▶ **Aim of the task**:
What are the lines from the one with "ove nasilničke skupove." through the end of the records below, written out exactly and without the pictures?

*** Block opens ***

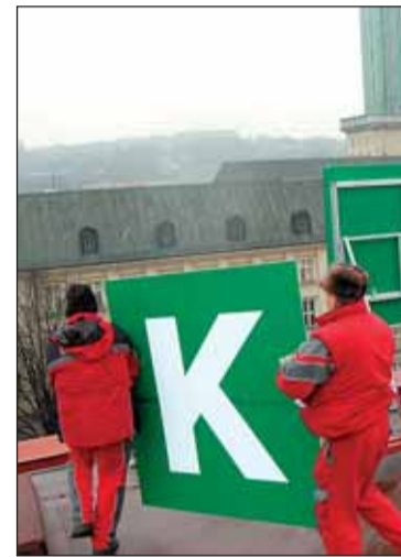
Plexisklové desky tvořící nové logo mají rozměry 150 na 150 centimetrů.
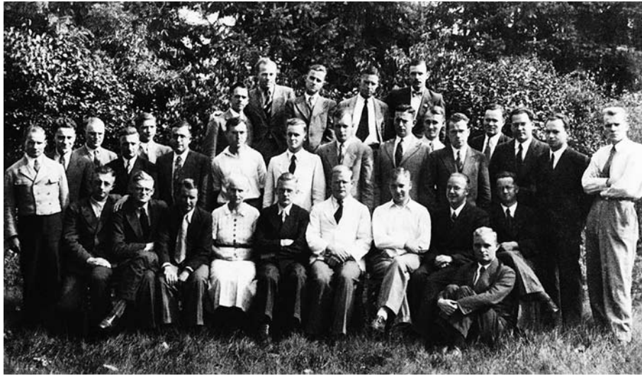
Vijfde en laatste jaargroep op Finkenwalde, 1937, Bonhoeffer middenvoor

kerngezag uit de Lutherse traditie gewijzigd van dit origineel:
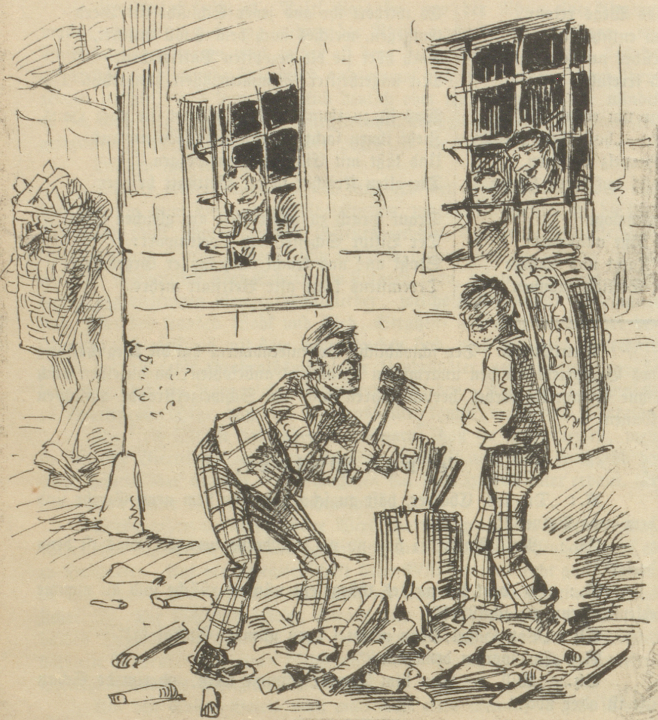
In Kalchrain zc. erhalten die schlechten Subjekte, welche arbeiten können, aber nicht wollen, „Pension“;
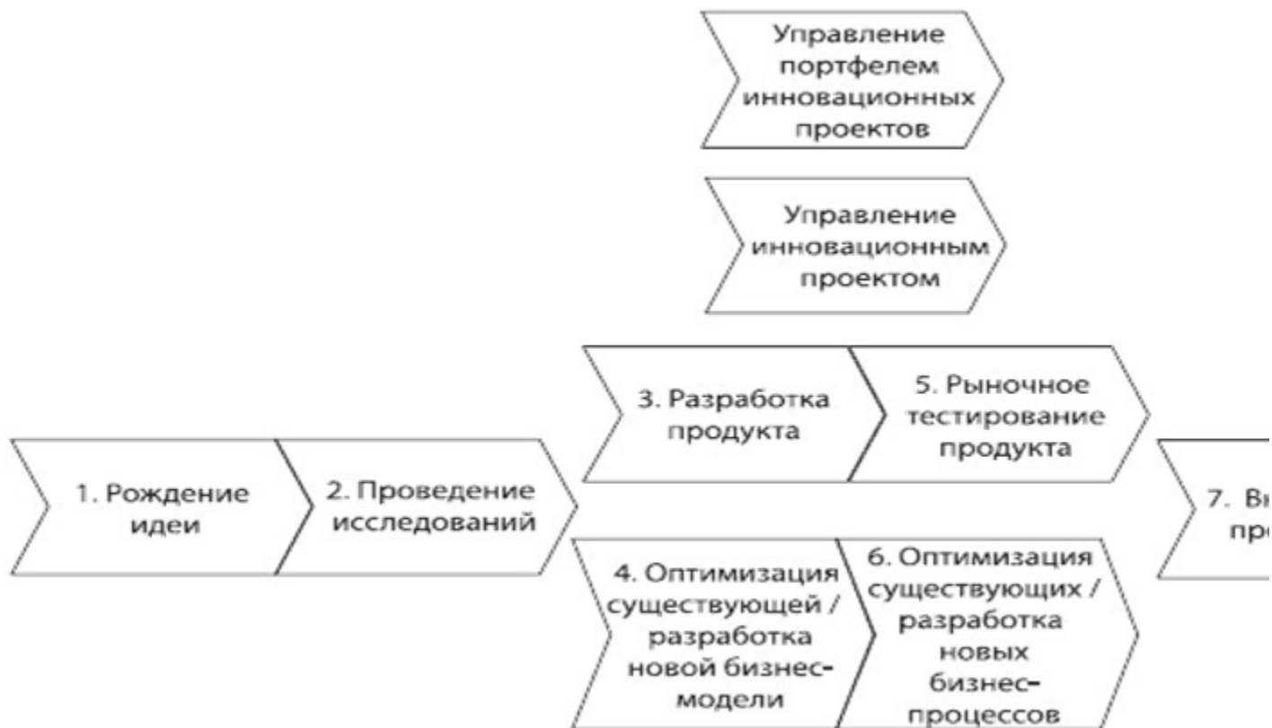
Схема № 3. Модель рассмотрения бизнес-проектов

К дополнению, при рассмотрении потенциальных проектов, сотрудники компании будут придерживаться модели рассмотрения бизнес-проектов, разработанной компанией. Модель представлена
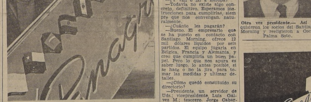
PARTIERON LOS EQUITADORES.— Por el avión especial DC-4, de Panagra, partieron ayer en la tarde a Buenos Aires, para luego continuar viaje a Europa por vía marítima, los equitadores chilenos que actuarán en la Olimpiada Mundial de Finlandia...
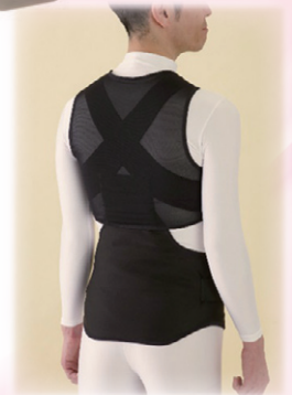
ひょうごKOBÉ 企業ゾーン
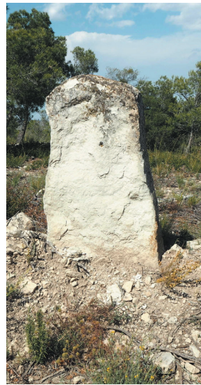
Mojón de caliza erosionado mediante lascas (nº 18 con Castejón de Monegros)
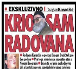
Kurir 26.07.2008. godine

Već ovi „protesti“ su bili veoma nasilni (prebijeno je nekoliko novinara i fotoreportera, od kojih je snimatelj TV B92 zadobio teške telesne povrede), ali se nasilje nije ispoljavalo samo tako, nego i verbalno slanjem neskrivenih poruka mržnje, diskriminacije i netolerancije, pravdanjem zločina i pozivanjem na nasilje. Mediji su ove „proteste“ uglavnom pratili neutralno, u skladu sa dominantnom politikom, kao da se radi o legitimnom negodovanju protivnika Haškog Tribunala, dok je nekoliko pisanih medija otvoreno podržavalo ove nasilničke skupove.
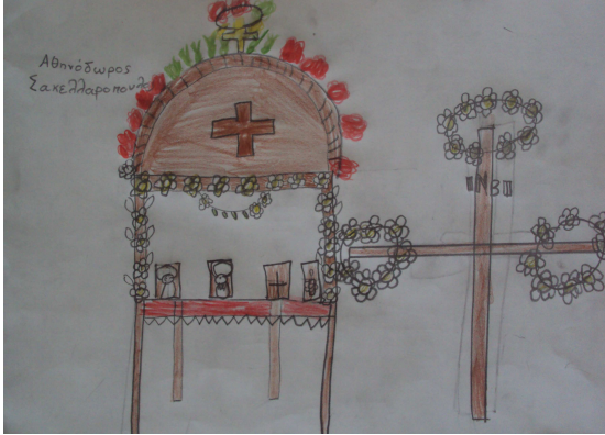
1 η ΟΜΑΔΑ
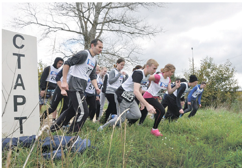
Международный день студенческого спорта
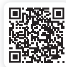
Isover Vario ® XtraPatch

*** Block closes ***

▶ **Response area**:
Već ovi „protesti“ su bili veoma nasilni (prebijeno je nekoliko novinara i fotoreportera, od kojih je snimatelj TV B92 zadobio teške telesne povrede), ali se nasilje nije ispoljavalo samo tako, nego i verbalno slanjem neskrivenih poruka mržnje, diskriminacije i netolerancije, pravdanjem zločina i pozivanjem na nasilje. Mediji su ove „proteste“ uglavnom pratili neutralno, u skladu sa dominantnom politikom, kao da se radi o legitimnom negodovanju protivnika Haškog Tribunala, dok je nekoliko pisanih medija otvoreno podržavalo ove nasilničke skupove.
1 η ΟΜΑΔΑ
Международный день студенческого спорта
Isover Vario ® XtraPatch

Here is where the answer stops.